Roy Hattersley splutters excitedly about our fabulous future:
At least for the first couple of days Gordon Brown got both the style and substance absolutely right – no repudiation of the past but an absolute commitment to moving on. And it is clear what the new direction of travel will be. A more personally responsive health service, free from the straightjacket of targets. Affordable houses to buy and rent. A more sustained attack on child poverty.

More important – at least in terms of winning the next election – there will be no more celebrity politics. Glitz and glamour are out. The hard truth and hard decisions are in. No favours for friends. No free luxury holidays. No spin. Fresh air blows through Downing Street.
The problem is that the target system was basically Gordon's idea - it gave the Treasury (ie: him) greater control over domestic spending. To criticise it as wasteful and counter-productive (well duh) now is grotesquely hypocritical. The spin that there is no spin is not sustainable. Every time Brown, as all Prime Ministers must, has a photo-call with a celebrity (Kylie?), or is filmed on a football pitch, everyone will shout 'No spin eh? He's just as bad as the last one.' And they'll be right.
And 'affordable houses to buy and rent' are not something that can be delivered as a policy in itself - they are the result of planning policy, monetary policy, and the cost of land itself. Be very cynical as to whether this is a promise he means to deliver, or whether it is another 'NHS dentist for all' moment.

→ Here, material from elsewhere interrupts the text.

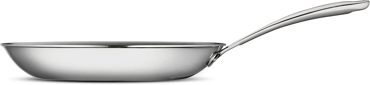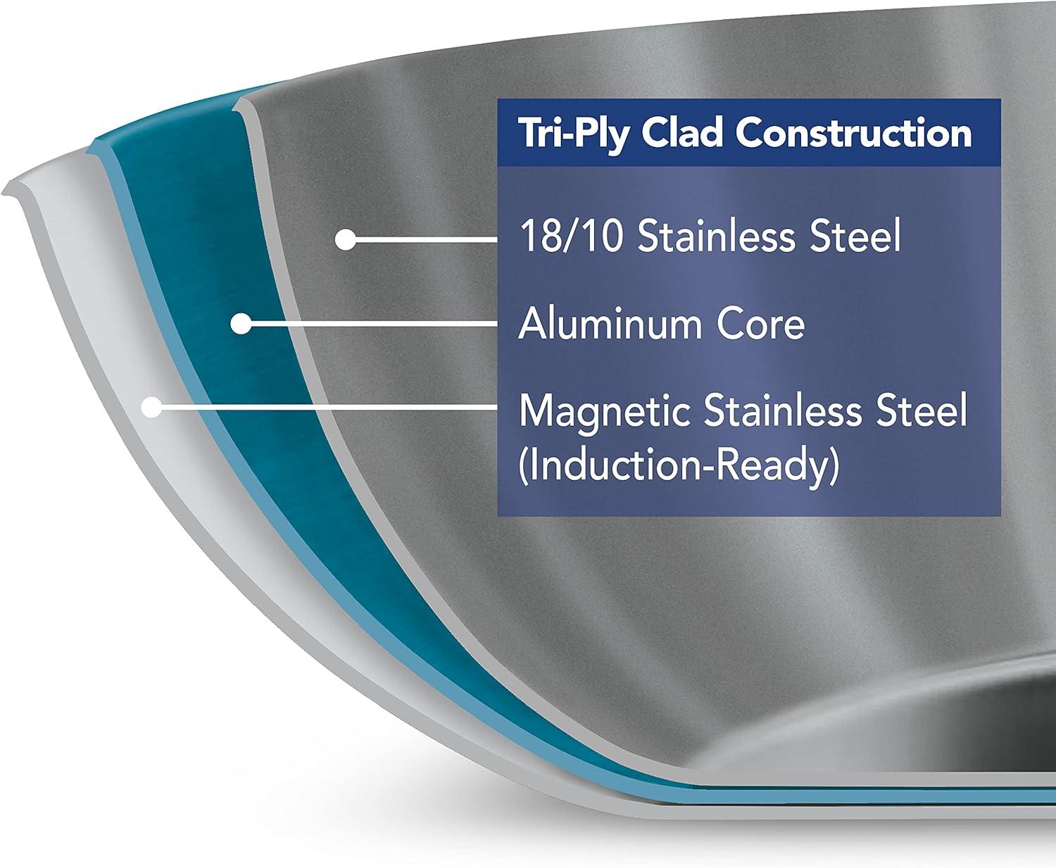 Tri-Ply Clad Construction: Features an aluminum core for even heat distribution and precise cooking control

UPDATE: Oh, about that no spin business?
Mr Ellam came in bearing the news that Brown's first act was to “revoke the orders in council granting powers to special advisers to give instructions to civil servants”. Except this was entirely bogus: these powers were personally conferred on Alastair Campbell (who quit two years ago) and Jonathan Powell (who quit today). So there was nothing to abolish. I felt for Mr Ellam, this little ruse obviously wasn’t his idea. Under mild questioning, he quickly admitted this was a “meaningless gesture".